*WHAT THE EXERCISE ASKS*.
The result should be an exact copy of the data, free of pictures.

*GIVEN DATA*.
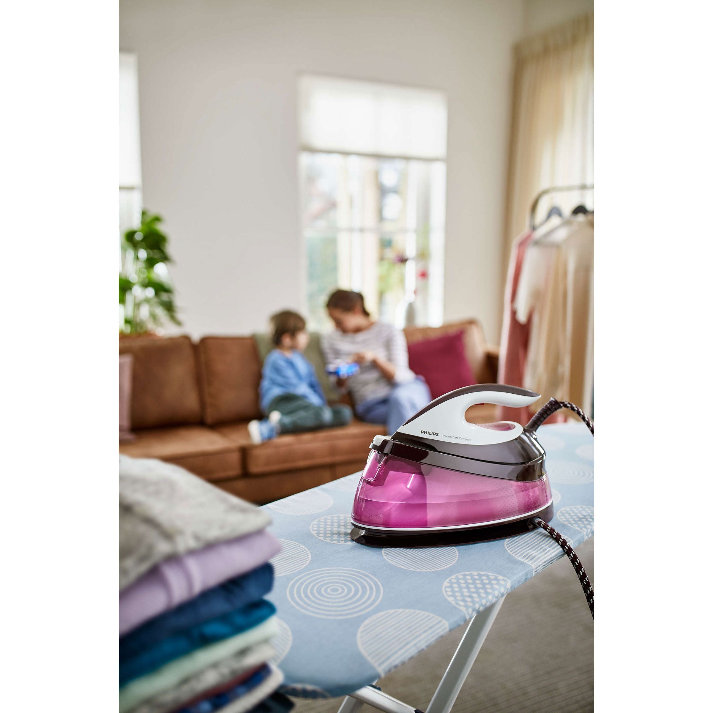Uşor şi compact pentru depozitare uşoară. Datorită tehnologiei revoluţionare ProVelocity, am putut crea o staţie de călcat cu abur mai compactă ca oricând. Dimensiunea mai mică se potriveşte perfect pe masa de călcat pentru utilizare comodă, iar transportul este mult mai uşor. În plus, staţia de călcat cu abur va necesita un spaţiu de depozitare mai mic.
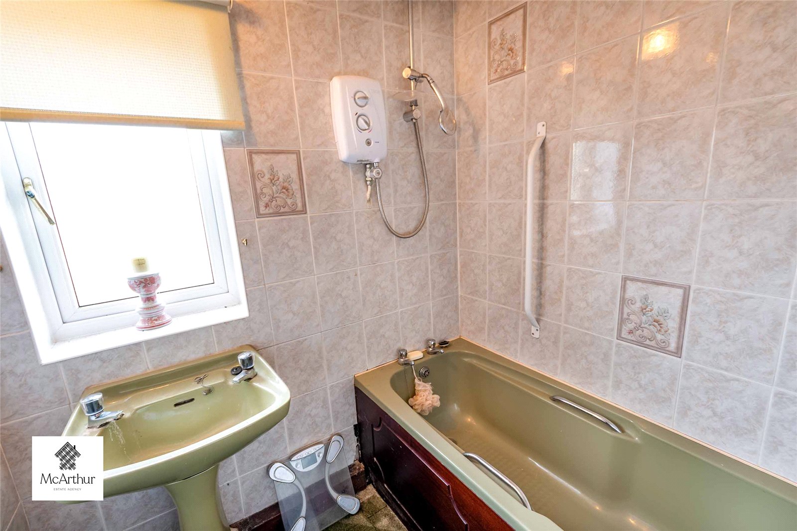 Going up the stairs there are two double bedrooms. In the master bedroom there are large windows and plentiful cupboard space. Both bedrooms are neutrally decorated. In the main bathroom there is an overhead shower with a bath and floor to ceiling tiles and features a sage green bathtub and sink.
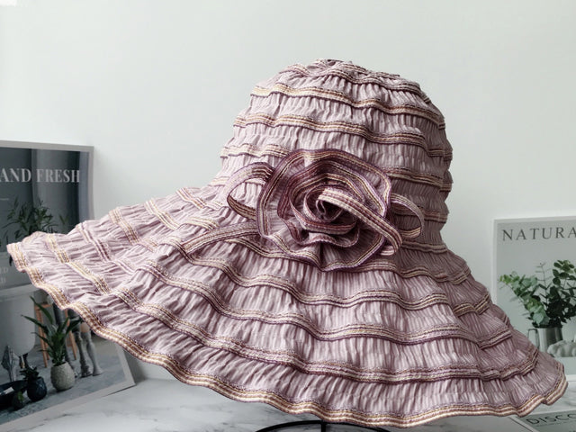 Features an inner drawstring or strap for a secure and customized fit.Women Hat Style Flower Packable Large Wide Brim Hat Adjustable HatElegant Floral Decoration

*RESPONSE FOR THIS EXERCISE*.
Uşor şi compact pentru depozitare uşoară. Datorită tehnologiei revoluţionare ProVelocity, am putut crea o staţie de călcat cu abur mai compactă ca oricând. Dimensiunea mai mică se potriveşte perfect pe masa de călcat pentru utilizare comodă, iar transportul este mult mai uşor. În plus, staţia de călcat cu abur va necesita un spaţiu de depozitare mai mic.
 Going up the stairs there are two double bedrooms. In the master bedroom there are large windows and plentiful cupboard space. Both bedrooms are neutrally decorated. In the main bathroom there is an overhead shower with a bath and floor to ceiling tiles and features a sage green bathtub and sink.
 Features an inner drawstring or strap for a secure and customized fit.Women Hat Style Flower Packable Large Wide Brim Hat Adjustable HatElegant Floral Decoration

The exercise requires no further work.